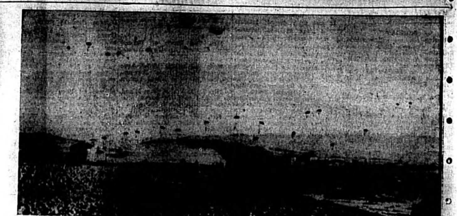
German paratroops fill the sky as they jump out of transport planes over Crete to attack British forces on the strategic Mediterranean island. Thousands of the paratroops were slain even before they landed, but came in even increasing numbers, aided by transport-landed troops, until they gained a strong foothold on the island and went on to sweep back the British. Light field pieces and tanks were also brought over by plane. This picture was released by the German censor and redied from Berlin to New York.
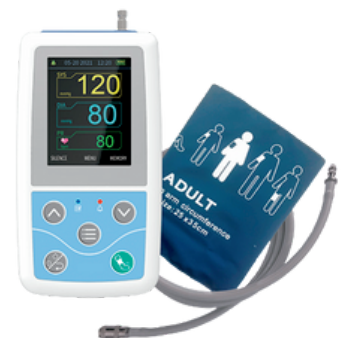
ABPM-50 & 100
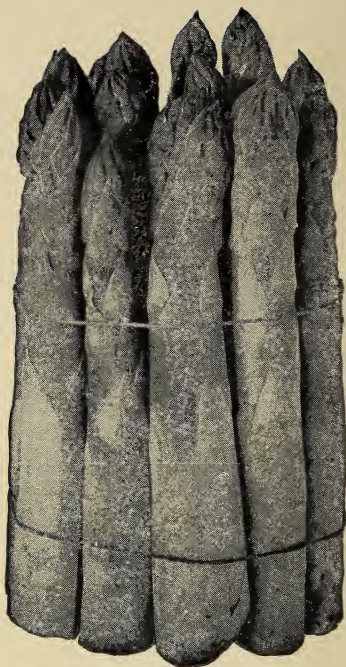
Washington Pedigreed Asparagus
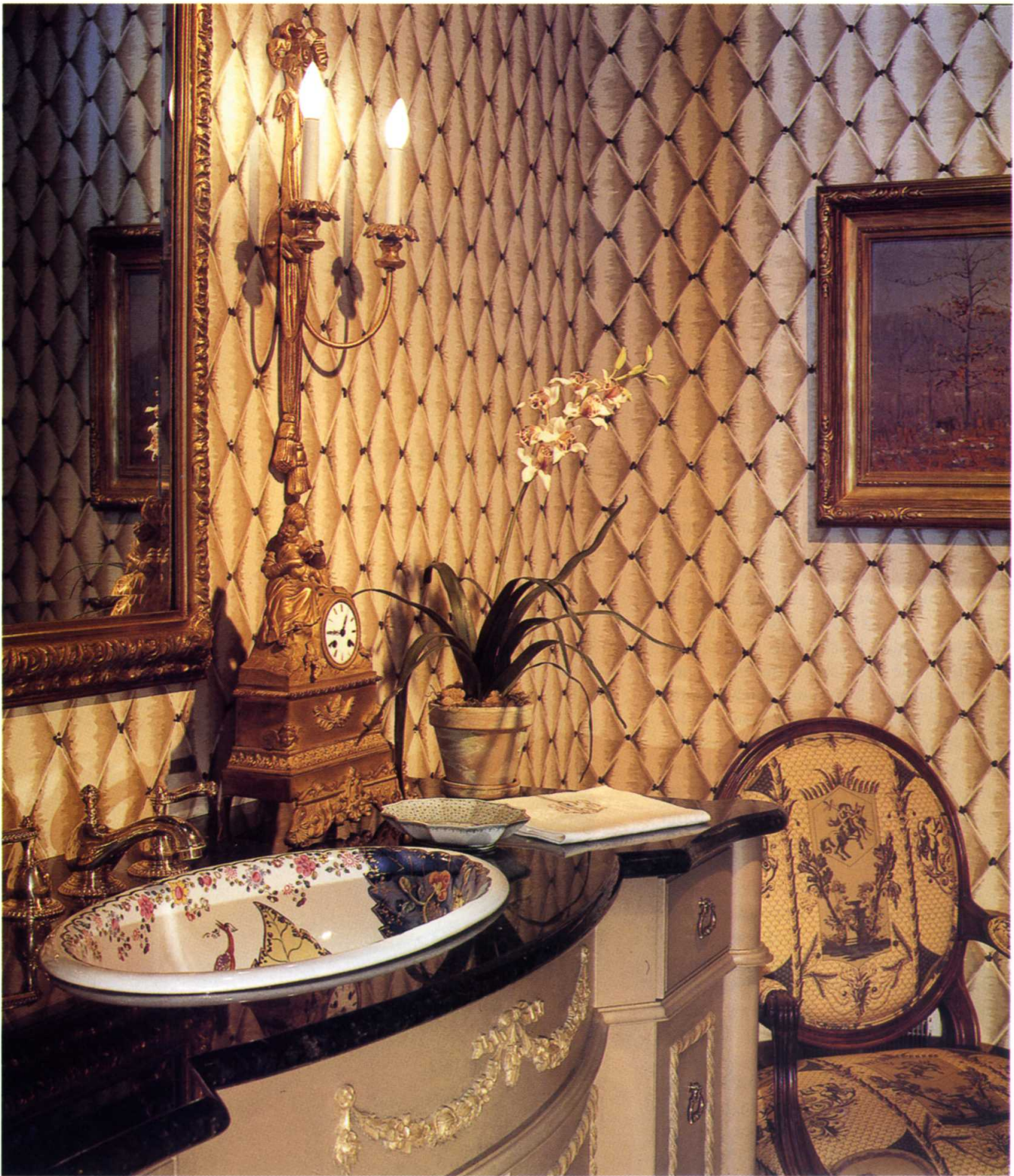
An elegant powder room with custom vanity by Wolff Woodworking and The Valley Craftsmen, and a granite counter by Hilgartner Natural Stone, is well located just off the main entry hall and the family room and kitchen corridor.
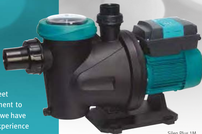
Silen Plus 1M

evopool ® means progress, and as such it will now encompass all the improvements and innovation that ESPA has been developing and introducing in its products and applications for pools. It always guarantees maximum efficiency and sustainable treatment of energy resources. Today and in the future, ESPA is evopool ® .
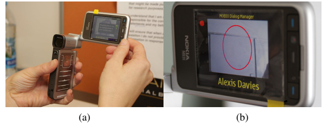
Figure 2: Example images showing how the data was captured when using a mobile phone. In (a) there is an example of a user holding the mobile phone for a recording and in (b) there is an example of the video feedback to the user with the ellipse (in red) in which the face is meant to be within; note that the image in (b) has been digitally altered to enhance the ability of the reader to see the red ellipse.

To ensure that the acquired data was meaningful and useful two automatic tools were used to validate the audio-video samples. The first tool was a simple speech/non-speech detector 2 that allowed us to measure the signal-to-noise ratio (SNR). If the SNR for an audio-video sample was higher than 6 dB then the sample was inspected by a human
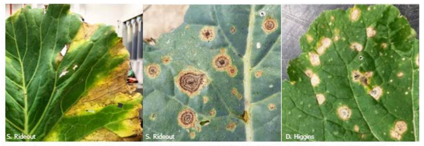
Crucifer leaves with black rot (left) and Alternaria leaf spot (center) and white leaf spot (right).

A few other diseases also affect the foliage of collards and turnip greens including bacterial leaf spot, white leaf spot, anthracnose, white rust, and downy mildew. If you are unsure of what is affecting your collards and turnip greens, contact me at the research station and I can help you figure it out [doughiggins@vt.edu; (757) 807-6584]. If you have a good collards and turnip greens recipe to share, I would be interested to hear about that, too!
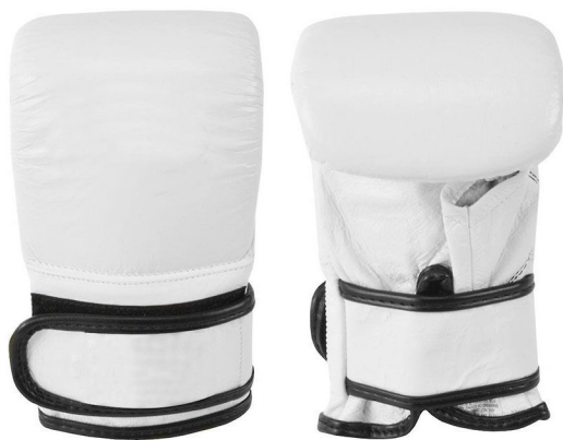
ART # JI-2707
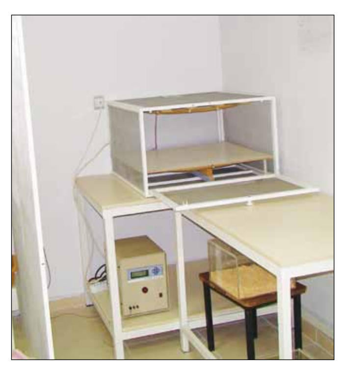
Figure 1: View of magnetic field system used in the study.

In this experimental study, 4 different brands of programmable CSF shunts were exposed to the magnetic field generated by our apparatus described above coil for 5 minutes (Figure 3). Groups 1-4 were composed of Miethke® (B. Braun Melsungen AG, Melsungen, Germany), Medtronic Strata® (Medtronic, Minessota, USA), Sophysa Sophy® (Sophysa, Orsay, France), and Codman® Hakim® (Codman Neuro, MA, USA) brands, respectively. In every CSF shunt, initial pressures were adjusted to 110 mm H<sub>2</sub>O and pressures after an exposure to magnetic field for 5 minutes were noted. These measurements were implemented at frequencies of 5 Hz, 20 Hz, 30 Hz, 40 Hz,
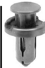
20564 (91503-SZ5-003) Black Nylon

Front Bumper Push-Type Retainer Head Diameter: 20mm Stem Length: 13mm Fits Into 10mm Hole Acura 3.5 RL Sedan & Honda 1996-On UNIT PACKAGE: 15
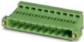
The figure shows an 10-position version

Please be informed that the data shown in this PDF Document is generated from our Online Catalog. Please find the complete data in the user's documentation. Our General Terms of Use for Downloads are valid ( http://phoenixcontact.com/download )
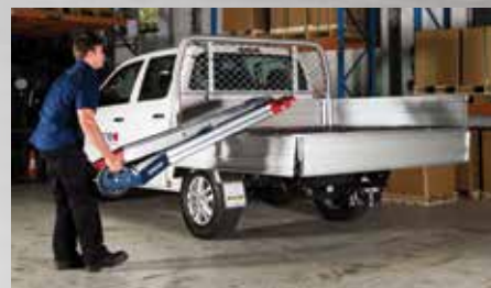
Folds flat for storage

+++++

**WHAT YOU WILL DO:**
Give the number of lines that hold the word "spot" in these records, with nothing added.

**ANSWER TO THE EXERCISE:**
2